Um estudo da Universidade Yale, nos EUA, publicado na revista Psycological Science, explica que é normal sentirmos uma euforia positiva quando vemos um filhote de gato ou cachorro, por exemplo. Porém, logo depois, outro impulso, o de morder e apertar “até a morte”, costuma aparecer como uma forma de neutralizar o primeiro sentimento positivo que está fora de controle – nosso cérebro é demais, né?!

A essa reação os cientistas chamaram de “cute aggression”, algo como “agressão fofinha”. Ela provavelmente pertence a um tipo paradoxal de sentimentos que são ao mesmo tempo positivos e negativos – algo parecido com o que acontece quando você chora de alegria ou ri de nervoso, por exemplo.

Felícia

Excesso de felicidade

A “agressão fofinha” foi estudada pela primeira vez em 2012. As pesquisadoras Rebecca Dyer e Oriana Aragon deram um pedaço de plástico-bolha para 109 pessoas e depois exibiram imagens aleatórias de animais engraçados, neutros ou lindinhos. Era esperado que os mais bonitos gerassem mais estouros de bolhas, mas as pesquisadoras relatam que os voluntários ficaram insanos!

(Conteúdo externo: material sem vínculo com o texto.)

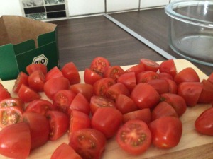 - Inzwischen die Tomaten waschen und klein schneiden. Die Cocktail-Tomaten halbieren.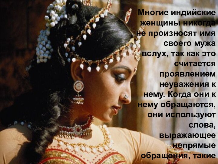 Слайд 9 Многие индийские женщины никогда не произносят имя своего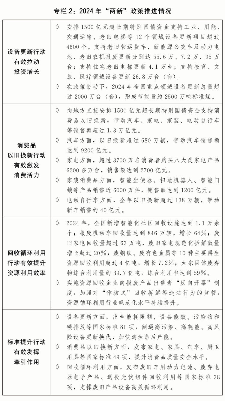 一是科技立异系统持续健全。充实阐扬新型举国体系体例劣势,强化国度计谋科技力量,全面启动实施国度科技严沉专项。国度尝试室系统扶植稳步推进。加速推进严沉科技根本设备系统化扶植,提拔全生命周期办理程度,已有39个设备投入运转。健全企业从导的产学研深度融合系统,鞭策成立企业研发预备金轨制,支撑创业投资高质量成长,培育强大科技领军企业、专精特新中小企业,企业科技立异从体地位不竭强化。二是严沉立异持续出现。“嫦娥六号”正在人类汗青上初次实现月球后背采样前往。“空间地面模仿安拆”建成投用。我国首艘超深水大洋钻探船“胡想”号建成入列。第五座南极调查坐秦岭坐开坐。集成电全财产链焦点手艺加快冲破,鸿蒙操做系统生态兴旺成长。第三代自从超导量子计较机“本源悟空”上线处置器正在量子计较优胜性测试上成立新劣势。正在全球初次发觉引力子激发。水冷磁体手艺打破世界记载,碳基新材料范畴取得原创性冲破。人工智能大模子实现冲破。人形机械人等智能终端新业态加快出现。1000千瓦级平易近用涡轴策动机取得型号及格证,300兆瓦级F级沉型燃气轮机完成初次满负荷试验,全球最大26兆瓦级海优势力发电机组总拆下线。第三代自从产权核电“国和一号”示范工程首堆建成投运。时速450公里的CR450中国尺度高速动车组完成设想制制。全球最大无人货运飞机总拆下线。三是教育科技人才一体推进迈出新程序。完美人才培育取经济社会成长需求适配机制,深化高档教育分析,扩大根本学科和国度环节急需范畴研究生培育规模。制定推进各类立异从体协同联动、立异要素顺畅流动取优化设置装备摆设的政策。深化科技赋权。深切推进科技人才分类评价,加强青年科技人才全链条培育。(四)积极激发消费活力、提高投资效益,内需潜力不竭。全年社会消费品零售总额增加3。5%,固定资产投资(不含农户)增加3。2%,最终消费收入、本钱构成总额对经济增加的贡献率别离为44。5%、25。2%。一是实物消费不变扩大。积极推进住房、汽车、电子产物、家具家拆等大消费。将全国层面贸易性小我住房贷款最低首付比例同一降至15%,打消全国层面贸易性小我住房贷款利率政策下限,降低存量房贷利率和小我住房公积金贷款利率,降低住房买卖、开辟环节的税收承担,四时度全国新房、二手房买卖网签面积环比别离增加21。6%、7。7%。开展新能源汽车促消费勾当,全年汽车销量达3143。6万辆、增加4。5%,此中,新能源汽车销量达1287万辆、增加35。5%,市场拥有率达40。9%。发布升级和立异消费品指南(轻工第十一批)。深切鞭策新能源汽车、绿色建材、绿色智能家电等下乡,村落消费品零售额增加4。3%。曲播带货、立即零售等新业态带动感化持续阐扬,实物商品网上零售额达12。8万亿元、增加6。5%。二是办事消费增加较快。出台推进办事消费高质量成长的看法,完美办事消费支撑政策。全年办事零售额增加6。2%、高于商品零售额增速3个百分点。完美全国年节及留念日放假法子,新增2天节假日。出台推进文化和旅逛消费的支撑政策,鼎力成长县域旅逛、冰雪旅逛、研学旅逛、红色旅逛、旅逛列车等,国内出逛人次、居平易近出逛破费别离增加14。8%、17。1%。文娱消费持续增加,体育消费日益升温,马拉松、骑行、户外活动等加快普通化,赛事经济日益成为新增加点。深切实施数字消费提拔步履,通信消息办事类零售额连结两位数增加。印发关于成长银发经济促进老年人福祉的看法,推进老年人康养、文旅等消费潜力。提拔外籍人员入境旅逛领取便当化程度,片面免签国度增至38个,互免签证国度增至26个,将过境免签外国人正在境内逗留时间耽误至240小时,入境旅客1。32亿人次、增加60。8%。三是消费持续优化。开展“消费推进年”等勾当,出力打制消费新场景培育消费新增加点。鞭策老字号守正立异成长,全国中华老字号数量扩围至1455个。因地制宜扶植新消费品牌孵化。深化国际消费核心城市培育扶植,鼎力成长聪慧商圈,累计扶植一刻钟便平易近糊口圈4335个、办事社区居平易近1。07亿人。完美县域农村消费根本设备。出台实施《消费者权益保实施条例》,加强消费范畴监管法律,开展2024年儿童和学生用品平安守护步履。四是投资感化无效阐扬。统筹用好地方预算内投资、处所专项债券、2023年增发国债、超持久出格国债等支撑沉点项目扶植。优化地方预算内投资投向范畴,强化项目监视办理。优化处所专项债券办理机制,实施专项债券投向范畴“负面清单”办理。加强项目谋划储蓄,强化用地、用海、用能、环评等要素保障,加强项目全生命周期办理。鞭策“十四五”规划102项严沉工程取得积极进展。2023年1万亿元增发国债支撑的1。5万个项目加速实施,一多量灾后恢复沉建和防灾减灾救灾能力提拔项目按期建成。五是平易近间投资健康成长。扣除房地产开辟的平易近间投资增加6%,制制业平易近间投资增加10。8%。5个新核准核电项目引入平易近间本钱参股比例达10%。规范实施和社会本钱合做(PPP)新机制。全年依托项目推介平台吸引平易近间本钱参取项目531个、总投资4136亿元。成立全国沉点平易近间投资项目库,持续加强资金和要素支撑。建立根本设备范畴不动产投资信任基金(REITs)常态化刊行轨制系统,累计62个项目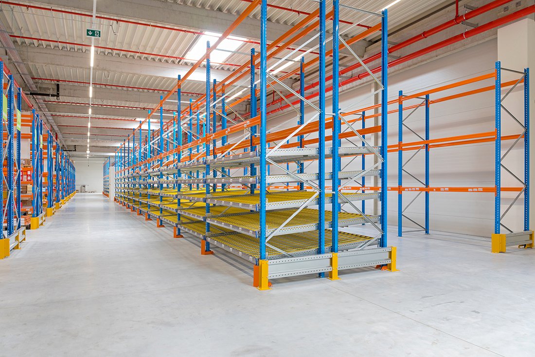 By relying on the sliding and inclination of the fluent roller, as well as the gravity of the material itself, automatic material sliding can be achieved. The goods are placed on the roller from the upper end of the sloping slide, and the goods automatically slide down with the help of gravity. One channel is used for inventory and the other channel is used for pickup. Can achieve first in, first out, one replenishment and multiple picking.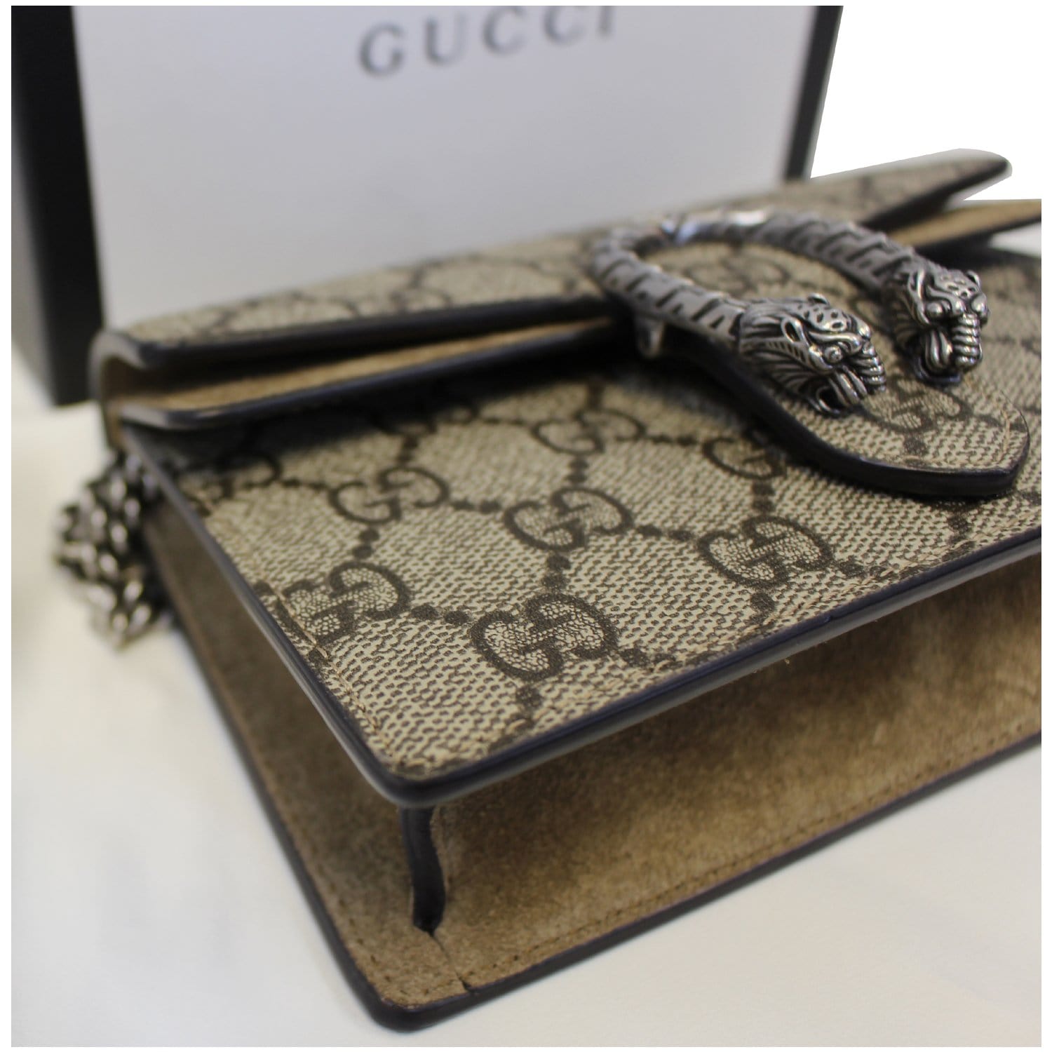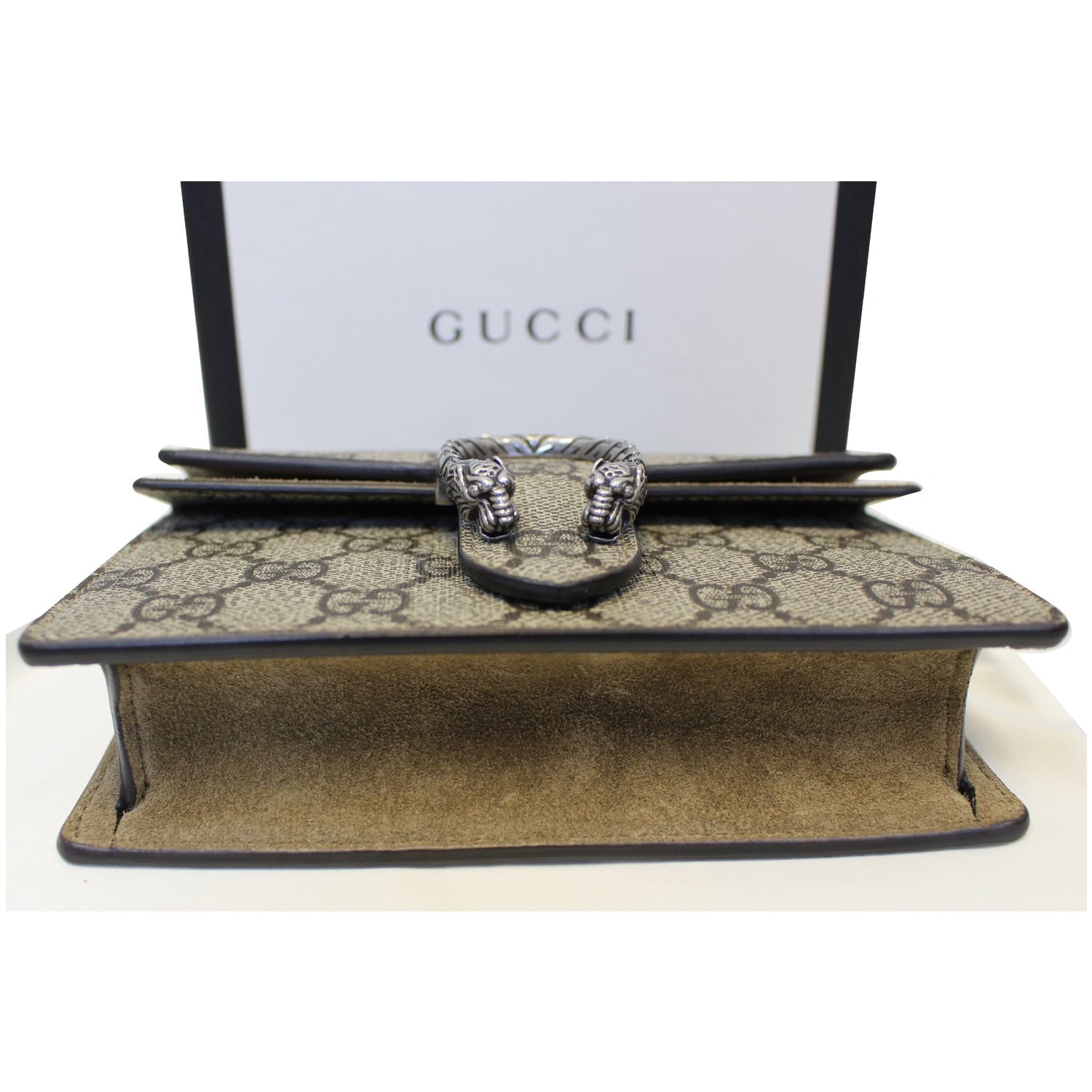 GUCCI Dionysus Super Mini GG Supreme Canvas Shoulder Crossbody Bag Taupe

Apesar disso, parece que essa agressividade aflora muito mais quando os objetos de desejo – cães, gatos e até mesmo bebês fofinhos – estão fora de alcance. Já o novo estudo foi feito com ainda mais pessoas, que primeiramente foram questionadas a lembrar de algum tipo de sentimento bom e de algum ruim e o quão poderosa era essa reação em sua memória.

Com base nas respostas, os cientistas concluíram que os bebês são os que mais despertam a reação de “agressão fofinha”, porém, quanto mais agressiva é essa reação, mais rapidamente ela é neutralizada em um sentimento bom.

“A capacidade de regularmos a própria força da resposta emocional é altamente adaptável: ela nos impede de investir muita energia nas coisas”, explica Anna Brooks, pesquisadora em neurociência cognitiva da Universidade Southern Cross, na Austrália. Ou seja, é perfeitamente natural que o bem-estar instantâneo ao ver algo fofinho seja rapidamente “combatido” pelo seu cérebro com algum tipo de sentimento agressivo para tentar neutralizar o excesso de felicidade que você está sentindo.